Recreation of the famous shot of the three paratroopers Zion Karasenti, Yitzhak Yifat, and Haim Oshri, by the Western Wall

It’s the iconic photo taken in the immediate aftermath of brutal fighting in Jerusalem at the end of the Six-Day War in 1967: three Israeli soldiers first looking upon the Western Wall.

For Izack Ifat, the 24-year old paratrooper in the middle, it was a moment he may never have had, having only an hour earlier survived a bayonet charge from a Jordanian adversary in the battle of Ammunition Hill in East Jerusalem.

Now a retired gynaecologist living in Rishon Lezion, Dr Ifat has ever since answered questions about that photo, and his troop’s fight for the city almost 50 years ago, having become instantly famous as the centre of a trio snapped by photographer David Rubinger.

The photo itself was never really valued by Rubinger, who died earlier this year. At the time he thought little of it and gave it to the Israeli Government’s press office, whose officers disseminated it far and wide. The rest, as they say, is history.

In March, Israeli President Reuven Rivlin said the photo “eternalised history as it will be forever etched in our memories,” and for Ifat, in London this month, those memories are still crystal clear.

“We were planning an operation in Egypt, but as we were about to go in, we were told that the Jordanians had launched an attack on Jerusalem, so we had to get in the bus and go, to everyone’s disappointment,” he recalled this month.

“We arrived with no plan. We were welcomed by women offering coffee, then Jordanian bombing. We approached the west-side of Ammunition Hill under heavy fire, then face-to-face fighting with Jordanian soldiers. It was like hell. I had many friends killed.”
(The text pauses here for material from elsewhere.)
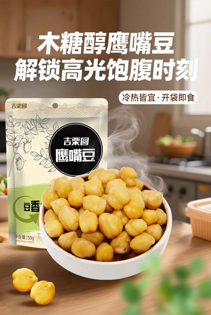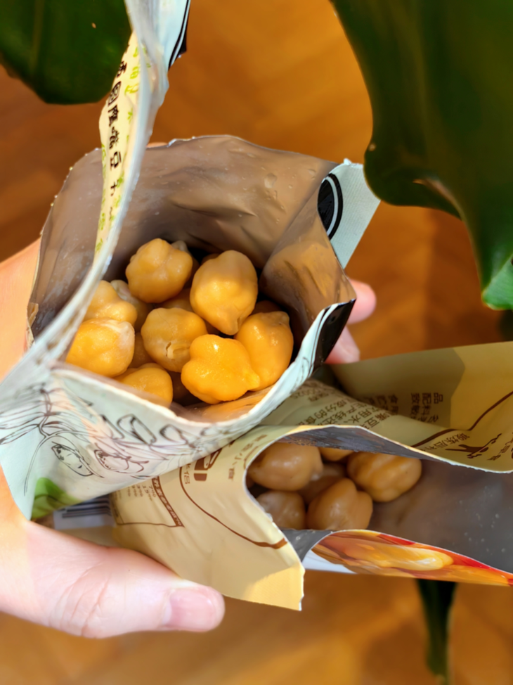 吉栗圆的小袋鹰嘴豆,有原味和五香味,每袋50g,刚好是一餐的坚果量。圆滚滚的金黄色小豆子,看着就十分喜人,几乎每一粒都非常完整饱满,吃起来像小栗子,口感绵软,还带着微微的甜,每次一小包,开袋即食,健身露营,或是带娃外出也可以带上,既解馋又能顶饿。做成减脂沙拉、鹰嘴豆泥、茄汁鹰嘴豆就更赞了,还可以搭配其他坚果打豆浆喝,低脂高饱腹,还富含优质蛋白、膳食纤维,绝对是减脂人的最佳主食!

David Rubinger’s famed photograph of IDF paratroopers at Jerusalem’s Western Wall shortly after its capture. From left to right: Zion Karasenti, Yitzhak Yifat, and Haim Oshri.[a]
Through a series of narrow tunnels and trenches, the Israeli soldiers progressed “metre-by-metre,” he said, over barbed wire and under heavy fire from an enemy who “fought to the last man,” despite being trapped by the advancing Israelis.

“One guy in front of me was hit in the buttocks, he was going to be shot again but I shot the Jordanian soldier first before he could do so. Then all the bullets of my rifle were finished. I wanted to refill it but a Jordanian soldier came at me with a bayonet. Somehow I grabbed it, kicked him between the legs, overcame him and shot him.”

More than 100 soldiers from both sides were killed during the battle, but the Israeli paratroopers who survived continued on through Lion’s Gate, into the Old Town, said Ifat, not knowing where they were going.

“We were in narrow lanes, with Arab house, we didn’t know where, and suddenly we came through a small iron gate and saw it – the Kotel. It wasn’t open as it is now, it was surrounded by houses on all sides.”

L-R: CEO Mizrachi UK Rabbi Andrew Shaw, Chief Rabbi Ephraim Mirvis and his predescessor Lord Sacks, alongside ex-paratroopers Zion Karasenti, Yitzhak Yifat, and Haim Oshri. PHOTO CREDIT: WORLD MIZRACHI MOVEMENT

The moment was “very exciting, very emotional,” he said, recalling events. “We didn’t realise we were going that way. My friends had tears in their eyes when they realised what was happening, that we came to the place we’ve been waiting for for 2,000 years.”

An hour later, photographer David Rubinger arrived and took a photo of three soldiers, Ifat and his two fellow paratroopers – Yemen-born Chaim Oshri and Zion Karasenti. Ifat, helmet removed, looks deep in thought. What was he thinking of?

“I was thinking of my grandfather, of Jewish history, of all the stories I was told, all this history was coming to my head. Then I thought of my friends who had just died, including my best friend, Yair Goldberg. We were all so close, like a big family.

“We made a small monument of stones to those who died, then we crossed over to the other side and built another for the Jordanians, because they fought bravely. People forget we did that, because it was taken down, I don’t know by who, but we did. It was important. But it was important also that Jerusalem was now in Jewish hands. For me, it must always be.”